**Aim of the task**:
Please make an exact transcription of the records, keeping the pictures out of it.

[[ Provided material, beginning ]]

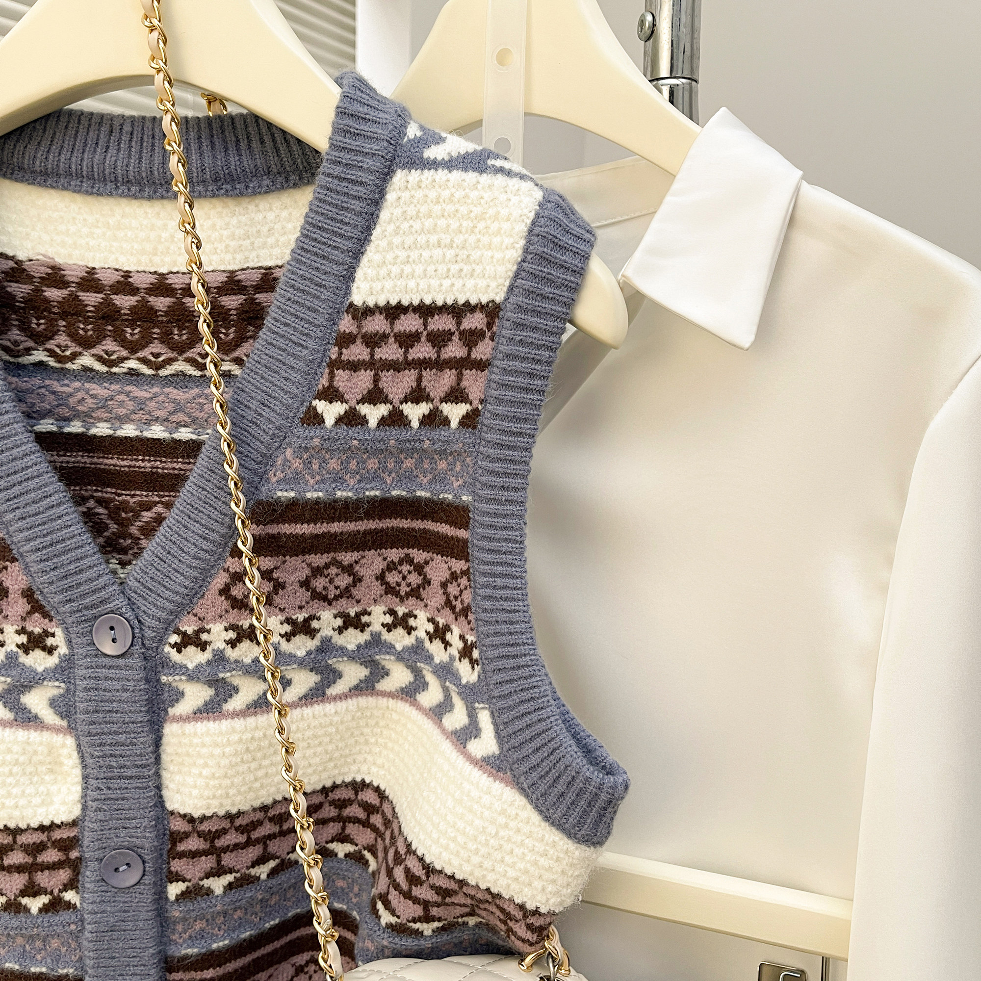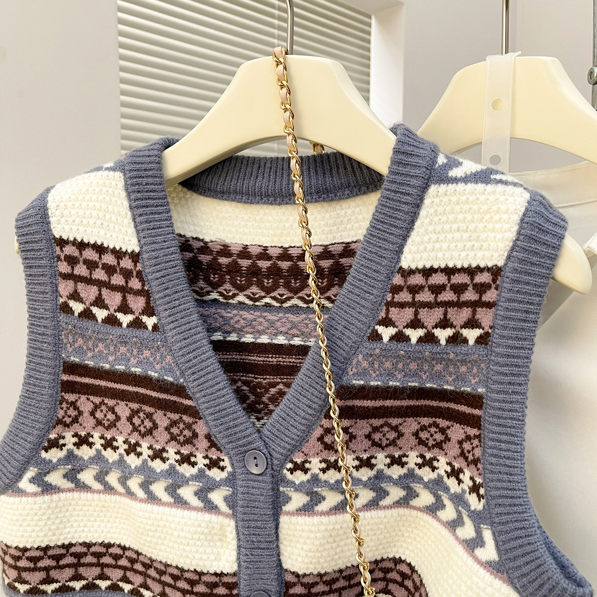 唐狮2025秋冬毛衣女文艺复古风V领开衫马甲外穿高级感百搭ins
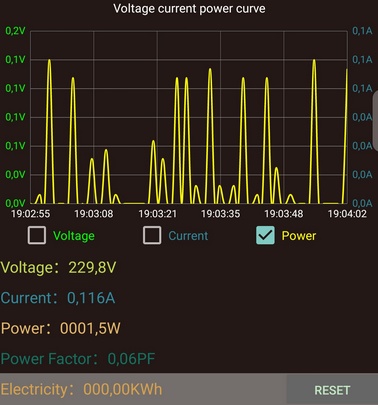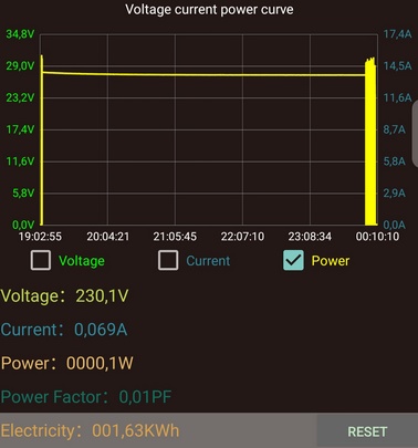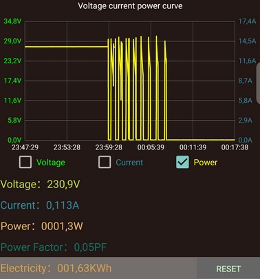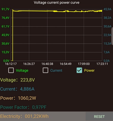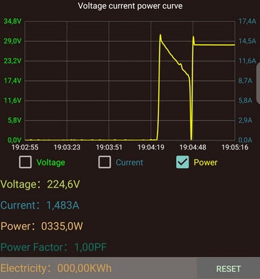 Au début de la recharge, on observe pendant les premières 30 secondes une montée rapide de la puissance consommée, puis une descente progressive jusqu'à 0 et enfin une remontée et stabilisation à environ 330 W. Ce comportement s'explique sans doute par une gestion de la recharge au tout début du cycle. En fin de compte, la puissance se stabilise.
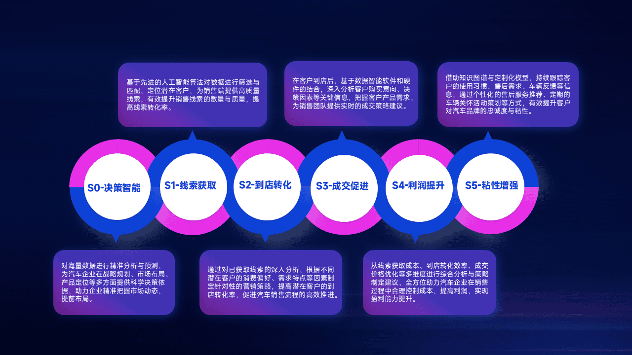 通过拓宽潜在客户来源、、优化线索分配并提高到店转化率,,以增强销售效率。。。同时,,利用线索数据不断优化分析模型,,,,有效提升转化率,,,,扩大营销影响力。。
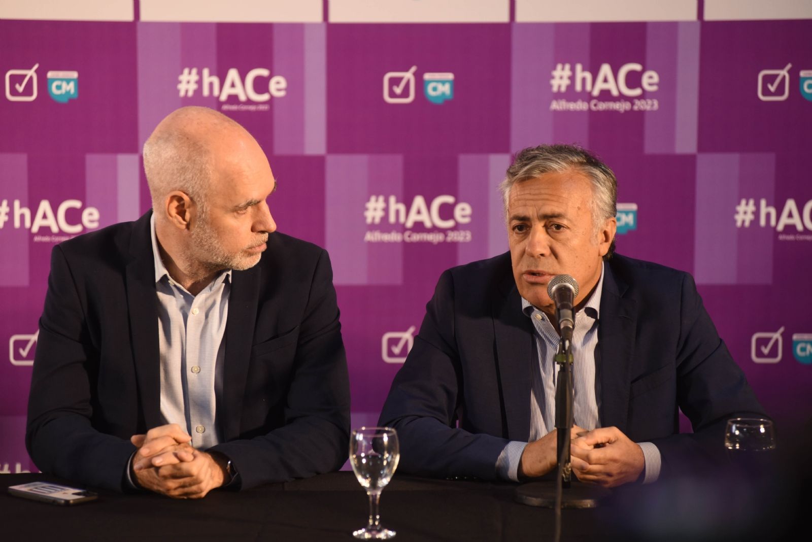 El precandidato a presidente del PRO, Horacio Rodríguez Larreta, llegó este viernes a Mendoza para participar del acto de lanzamiento del frente Cambia Mendoza y respaldar explícitamente la candidatura a gobernador de Alfredo Cornejo por ese espacio. Durante el acto, tanto el jefe de Gobierno porteño como el senador radical lanzaron dardos contra Omar De Marchi, tras su decisión de abandonar la coalición oficialista y competir por la gobernación liderando La Unión Mendocina.
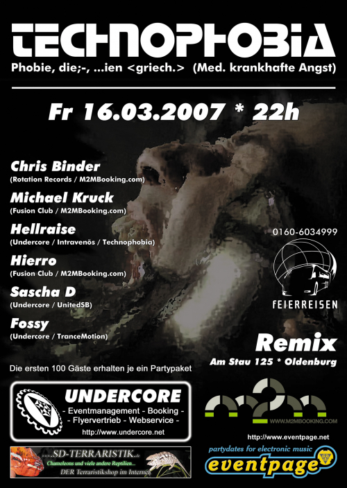 Am 16.03.2007 lädt im Remix zu Oldenburg die Technophobia zum Tanz.
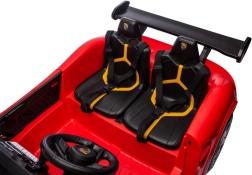 De rode elektrische 4x4 kinderauto vervult de droom van elke jonge autoliefhebber. Dankzij realistische elementen zoals gevormde carrosserie, gedetailleerde wielen en een geloofwaardig interieur met twee zitplaatsen oogt hij als een echte sportwagen. Openslaande deuren maken het instappen gemakkelijk en versterken de authentieke rijbeleving.
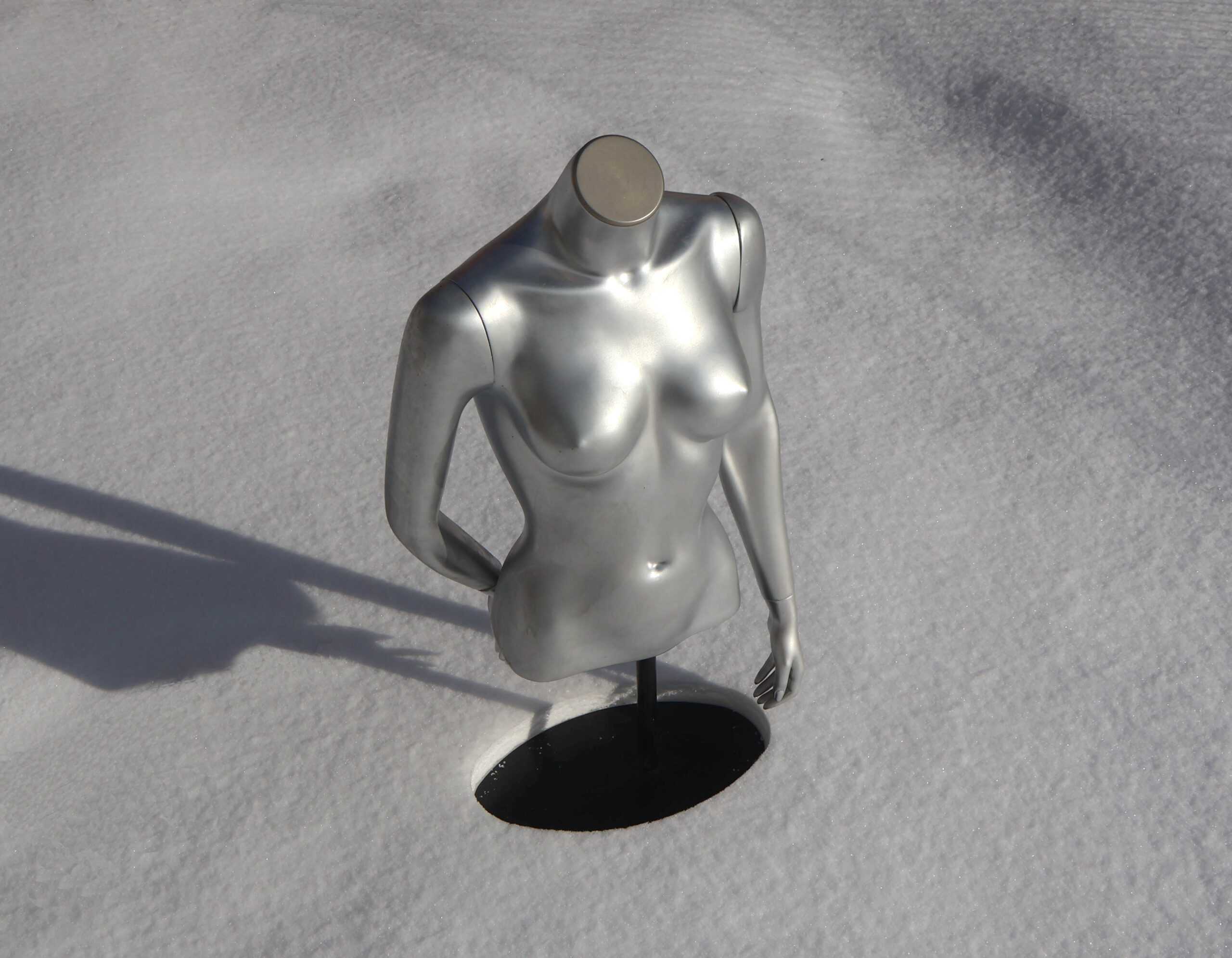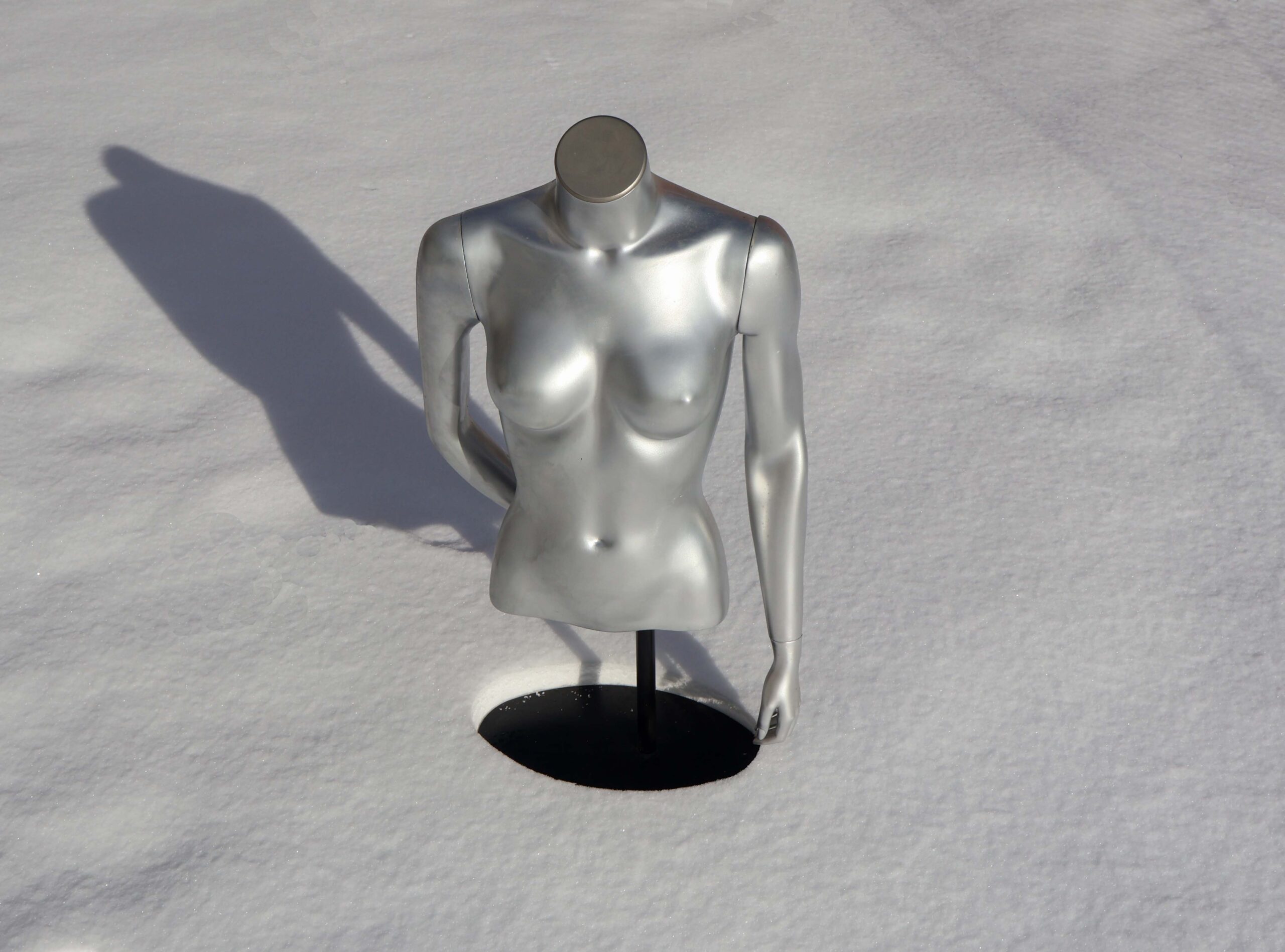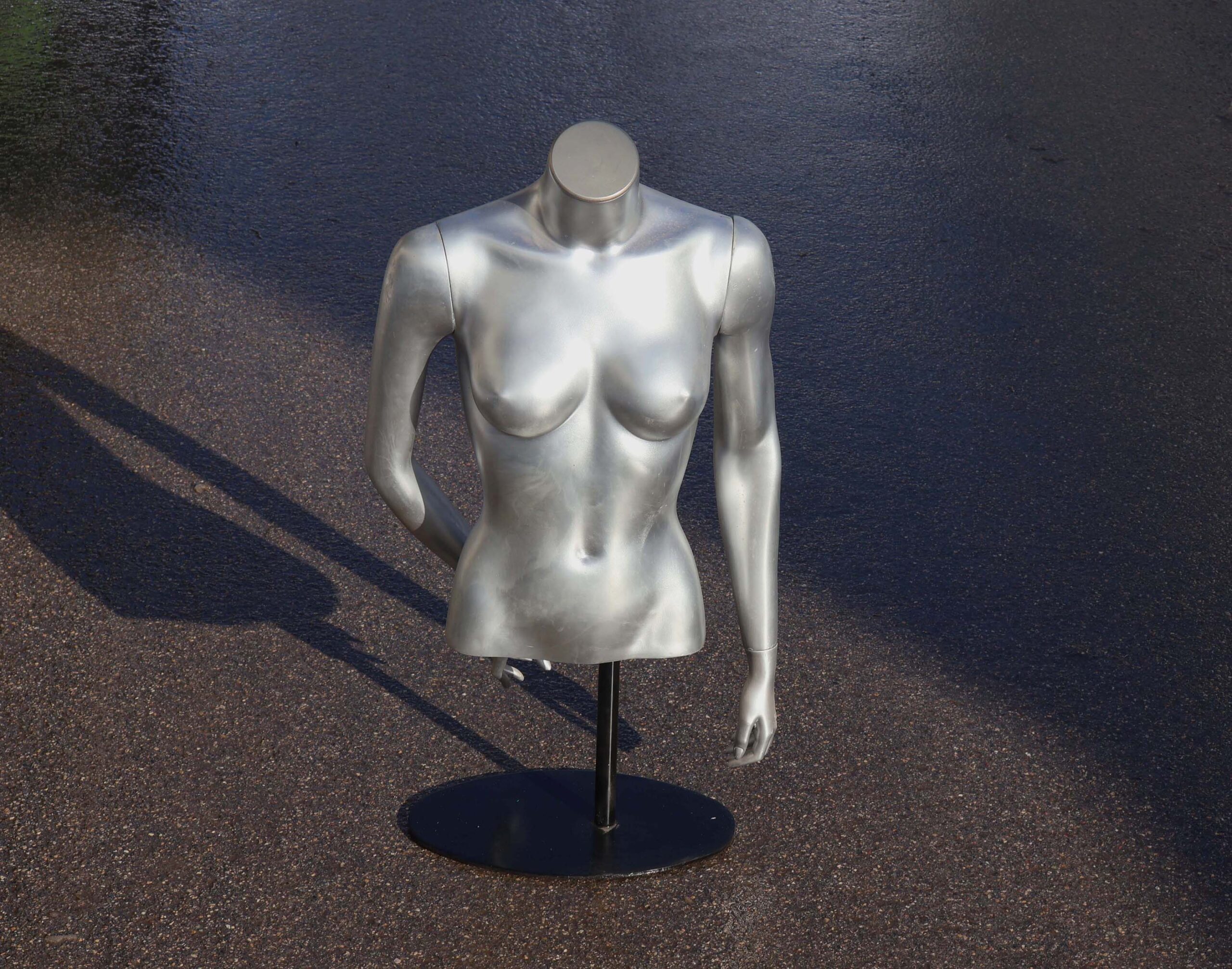 Buste de mannequin féminin peint en chrome. Sans tête, fixé sur un socle bas en acier. Avec 2 bras, et mains. Mannequin d’occasion femme, de boutique.
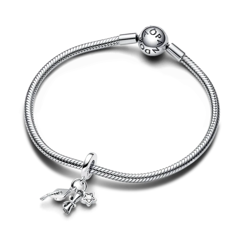 Celebrate your milestone with our 2024 Graduation Triple Dangle Charm, a sterling silver charm capturing the essence of achievement. A star-shaped cubic zirconia gleams alongside a dangling graduation cap with a tasselled flair and a detailed scroll featuring a bow-tied ribbon. The swirling lines depict a rolled diploma, while the ‘2024’ engraving on the bail adds a personalized touch. This charm serves as a sweet reminder of your dedication and success in the journey of education.
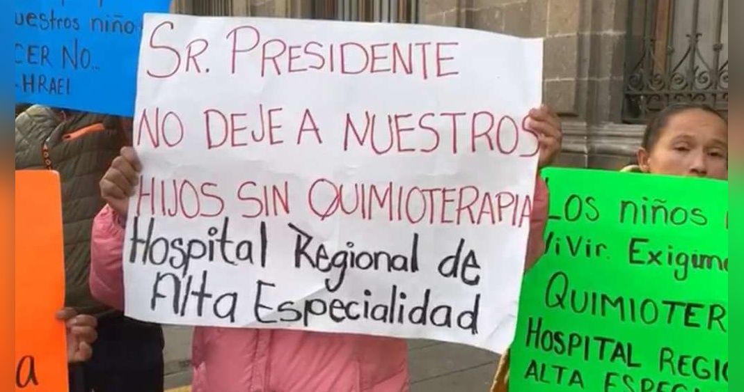 Padres de familia de niños con cáncer protestaron en frente al Palacio Nacional, para exigir el abasto de medicamento y quimioterapias en el Hospital Regional de Alta Especialidad de Ixtapaluca.
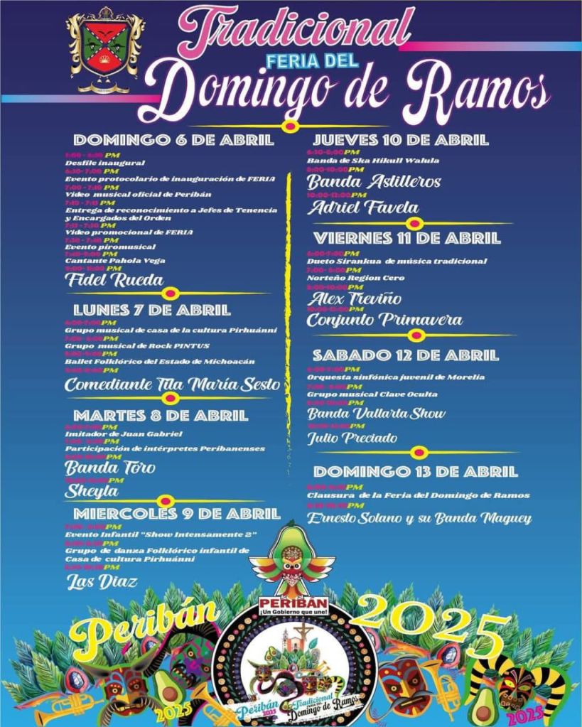 Les dejo el programa cultura y artístico de nuestra tradicional feria del domingo de ramos!! 🥑👌🤩✌️😍😜💜🥑 ESPERO ME LES GUSTE QUE LO HACEMOS CON TODO EL CORAZON!!! #Peribán

[[ Provided material, end ]]

**Written solution**:
 唐狮2025秋冬毛衣女文艺复古风V领开衫马甲外穿高级感百搭ins
 Au début de la recharge, on observe pendant les premières 30 secondes une montée rapide de la puissance consommée, puis une descente progressive jusqu'à 0 et enfin une remontée et stabilisation à environ 330 W. Ce comportement s'explique sans doute par une gestion de la recharge au tout début du cycle. En fin de compte, la puissance se stabilise.
 通过拓宽潜在客户来源、、优化线索分配并提高到店转化率,,以增强销售效率。。。同时,,利用线索数据不断优化分析模型,,,,有效提升转化率,,,,扩大营销影响力。。
 El precandidato a presidente del PRO, Horacio Rodríguez Larreta, llegó este viernes a Mendoza para participar del acto de lanzamiento del frente Cambia Mendoza y respaldar explícitamente la candidatura a gobernador de Alfredo Cornejo por ese espacio. Durante el acto, tanto el jefe de Gobierno porteño como el senador radical lanzaron dardos contra Omar De Marchi, tras su decisión de abandonar la coalición oficialista y competir por la gobernación liderando La Unión Mendocina.
 Am 16.03.2007 lädt im Remix zu Oldenburg die Technophobia zum Tanz.
 De rode elektrische 4x4 kinderauto vervult de droom van elke jonge autoliefhebber. Dankzij realistische elementen zoals gevormde carrosserie, gedetailleerde wielen en een geloofwaardig interieur met twee zitplaatsen oogt hij als een echte sportwagen. Openslaande deuren maken het instappen gemakkelijk en versterken de authentieke rijbeleving.
 Buste de mannequin féminin peint en chrome. Sans tête, fixé sur un socle bas en acier. Avec 2 bras, et mains. Mannequin d’occasion femme, de boutique.
 Celebrate your milestone with our 2024 Graduation Triple Dangle Charm, a sterling silver charm capturing the essence of achievement. A star-shaped cubic zirconia gleams alongside a dangling graduation cap with a tasselled flair and a detailed scroll featuring a bow-tied ribbon. The swirling lines depict a rolled diploma, while the ‘2024’ engraving on the bail adds a personalized touch. This charm serves as a sweet reminder of your dedication and success in the journey of education.
 Padres de familia de niños con cáncer protestaron en frente al Palacio Nacional, para exigir el abasto de medicamento y quimioterapias en el Hospital Regional de Alta Especialidad de Ixtapaluca.
 Les dejo el programa cultura y artístico de nuestra tradicional feria del domingo de ramos!! 🥑👌🤩✌️😍😜💜🥑 ESPERO ME LES GUSTE QUE LO HACEMOS CON TODO EL CORAZON!!! #Peribán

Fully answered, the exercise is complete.